- [REQUIRED ACTION]
Copy each line below as written, but skip the pictures.

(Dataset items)
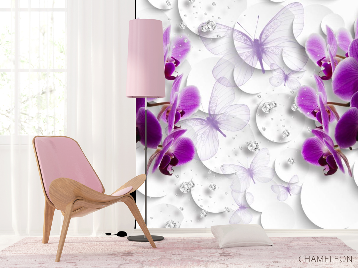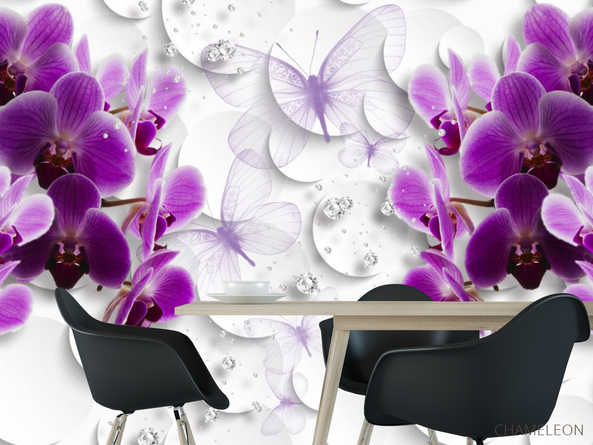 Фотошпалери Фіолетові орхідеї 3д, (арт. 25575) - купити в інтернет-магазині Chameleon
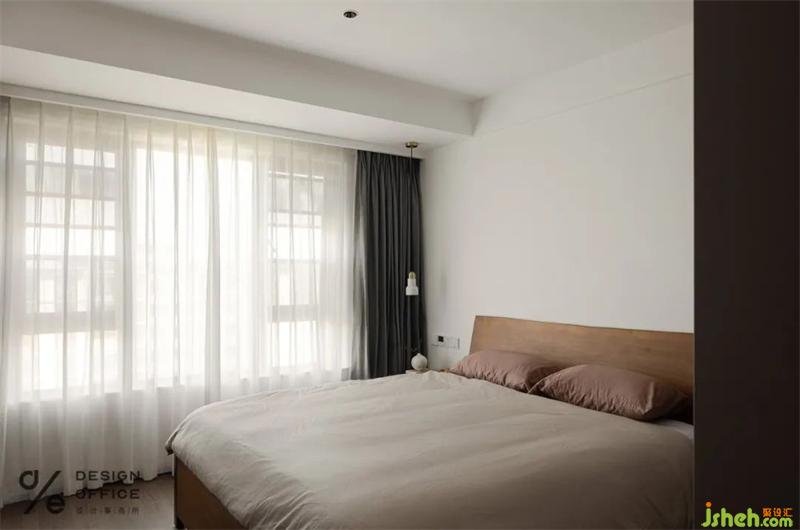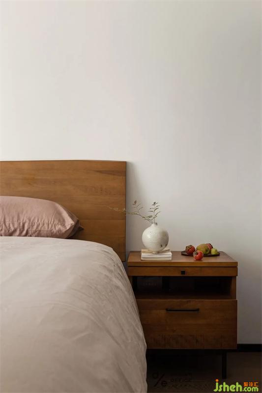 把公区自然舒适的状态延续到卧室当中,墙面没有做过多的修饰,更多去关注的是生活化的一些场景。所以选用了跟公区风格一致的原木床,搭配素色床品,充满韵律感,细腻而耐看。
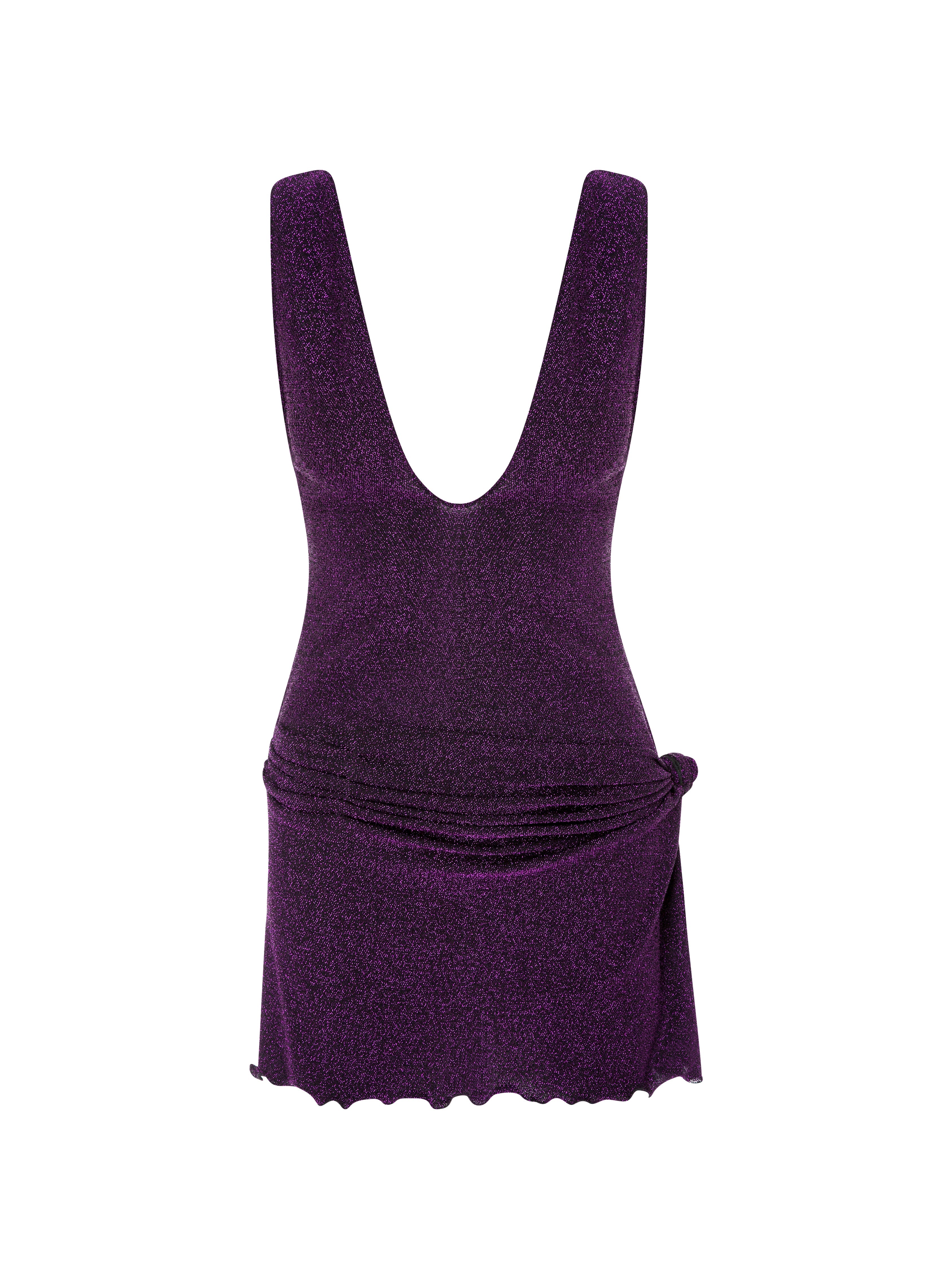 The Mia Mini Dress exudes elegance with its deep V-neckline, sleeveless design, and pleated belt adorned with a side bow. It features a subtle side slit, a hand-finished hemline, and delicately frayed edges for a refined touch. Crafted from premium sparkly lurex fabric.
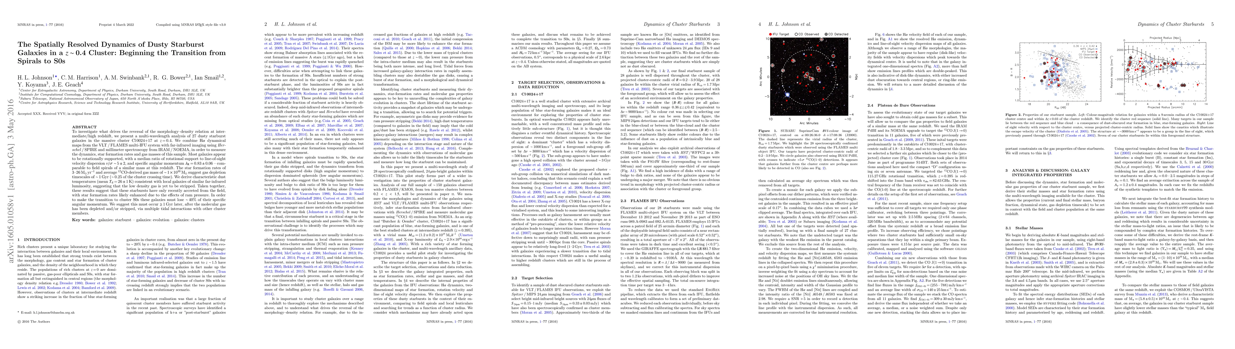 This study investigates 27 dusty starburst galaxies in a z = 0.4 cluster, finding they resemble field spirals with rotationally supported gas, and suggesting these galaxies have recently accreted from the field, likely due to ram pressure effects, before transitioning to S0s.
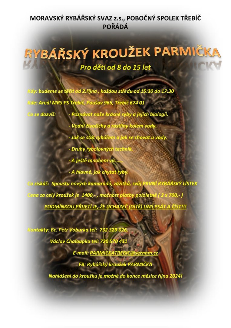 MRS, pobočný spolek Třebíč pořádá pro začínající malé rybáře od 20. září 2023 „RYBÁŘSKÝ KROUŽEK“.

- [ANSWER BOX]
 Фотошпалери Фіолетові орхідеї 3д, (арт. 25575) - купити в інтернет-магазині Chameleon
 把公区自然舒适的状态延续到卧室当中,墙面没有做过多的修饰,更多去关注的是生活化的一些场景。所以选用了跟公区风格一致的原木床,搭配素色床品,充满韵律感,细腻而耐看。
 The Mia Mini Dress exudes elegance with its deep V-neckline, sleeveless design, and pleated belt adorned with a side bow. It features a subtle side slit, a hand-finished hemline, and delicately frayed edges for a refined touch. Crafted from premium sparkly lurex fabric.
 This study investigates 27 dusty starburst galaxies in a z = 0.4 cluster, finding they resemble field spirals with rotationally supported gas, and suggesting these galaxies have recently accreted from the field, likely due to ram pressure effects, before transitioning to S0s.
 MRS, pobočný spolek Třebíč pořádá pro začínající malé rybáře od 20. září 2023 „RYBÁŘSKÝ KROUŽEK“.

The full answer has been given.